Airliners and aircraft producers alike have still been experiencing the impact of the COVID-19 pandemic. As cases continue to rise in the U.S., many companies are struggling to stay afloat as they see massive drops in profit. Boeing is chief among these, as the pandemic has derailed their plans to recover following the grounding of their 737 Max model last year.
Last week, Boeing reported a $2.4 billion loss for the second quarter. This is down from the $2.94 billion net loss a year earlier, following a nearly $5 billion charge on their struggling 737 Max program. The 737 Max was grounded after two fatal crashes last March, which resulted in the loss of 346 lives. Share prices for the company also fell 2.8%, with the company’s total stock price having dropped more than 50% in the last year.
Boeing’s CEO Dave Calhoun stated that the lack of demand due to COVID-19 has been the main cause behind the company’s struggles this year. Already, the company has planned to cut 10% of their 160,000-person staff via buyout packages and involuntary reductions.
The company also fared worse than anticipated by Wall Street experts. Analysts had believed the company would see losses of $2.54 per share, along with $13.6 billion in revenue. In reality, the company posted losses of $4.79 per share, and only $11.8 billion in revenue.

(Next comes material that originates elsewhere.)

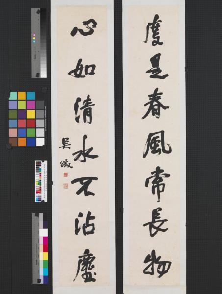 吳徵七言行聯。(上聯)。吳徵七言行聯。(下聯)。 |

Calhoun has claimed that the company has to deal with customers “calling us every day” to cancel existing 737 Max orders. Of the over 470 planes the company has awaiting delivery, the majority of them are 737 Max jets. As such, Boeing plans to gradually increase production of their 737 Max to 31 a month by 2022, much later than initially planned. They will also cut production of their 787 models to just six a month by next year and will completely end production of their 747 model by 2022.